What to produce:
Your reply must contain the lines from the one with "En savoir +Conçues" through the last line of the material, exact and complete, with no pictures and no other text.

Material for the task:

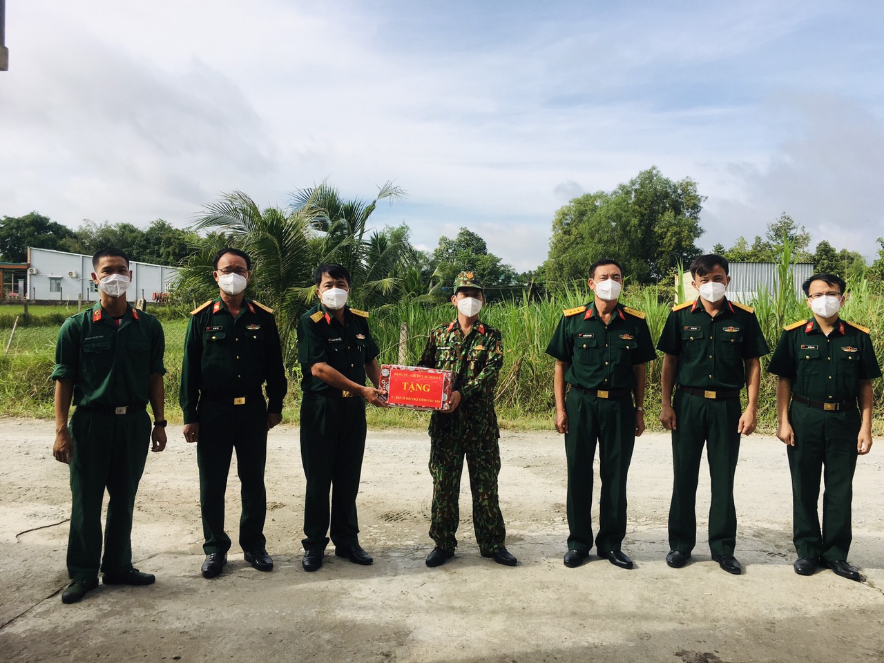 (QK7 Online) - Sáng 14/8, Thượng tá Nguyễn Hồng Cảnh, Ủy viên Thường vụ Đảng ủy Sư đoàn, Chủ nhiệm Chính trị Sư đoàn 5 đến thăm, động viên, tặng quà cán bộ, y, bác sĩ sư đoàn tăng cường hỗ trợ huyện Đức Hòa, tỉnh Long An làm nhiệm vụ phòng, chống dịch Covid - 19.
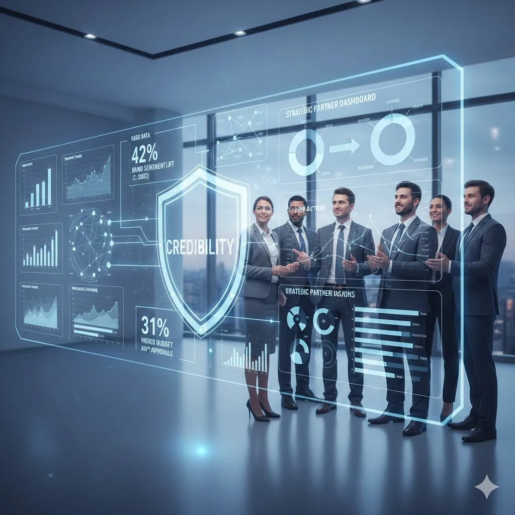 Present business cases with pilot data: “10% budget increase yields 28% credibility lift.” Align with KPIs like revenue attribution.
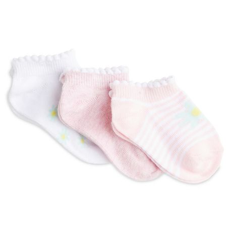 En savoir +Conçues en coton biologique, ces 3 paires de socquettes mettent de la fantaisie dans les tenues de nos petites princesses ! On fond pour la finition en point cocotte à la cheville ! Le lot est composé de 1 paire de socquettes unies, d’une paire à imprimé marguerites, et d’une paire rayée à motif placé hyper tendre.
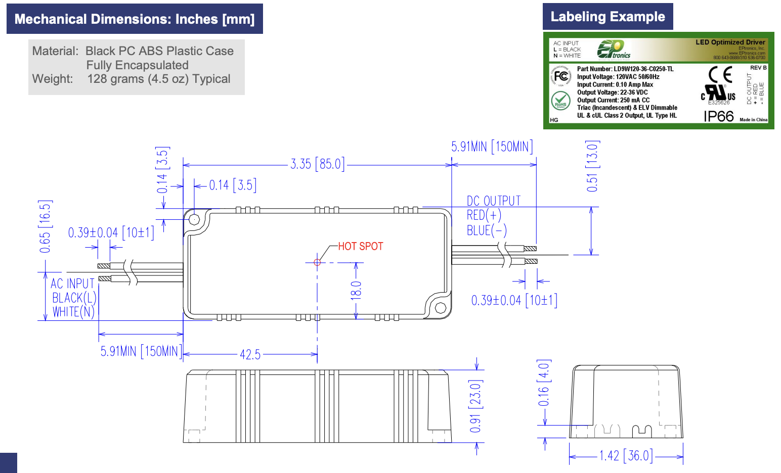 LD9W120-14-C0700-TL Constant Current Dimmable LED Driver by EPtronics
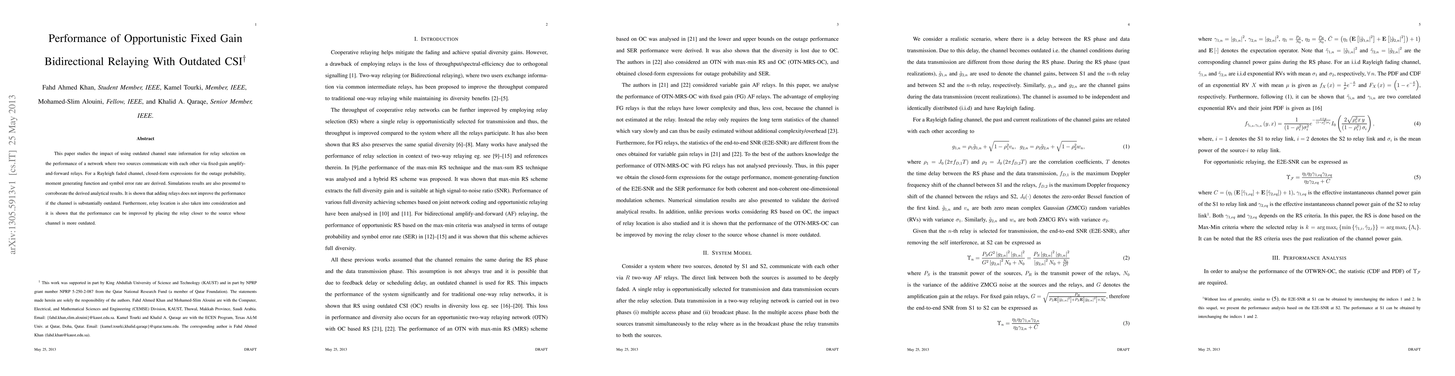 Using outdated channel state information for relay selection in fixed-gain amplify-and-forward relays degrades performance unless additional relays are added closer to the source with the most outdated channel.

Written answer:
 En savoir +Conçues en coton biologique, ces 3 paires de socquettes mettent de la fantaisie dans les tenues de nos petites princesses ! On fond pour la finition en point cocotte à la cheville ! Le lot est composé de 1 paire de socquettes unies, d’une paire à imprimé marguerites, et d’une paire rayée à motif placé hyper tendre.
 LD9W120-14-C0700-TL Constant Current Dimmable LED Driver by EPtronics
 Using outdated channel state information for relay selection in fixed-gain amplify-and-forward relays degrades performance unless additional relays are added closer to the source with the most outdated channel.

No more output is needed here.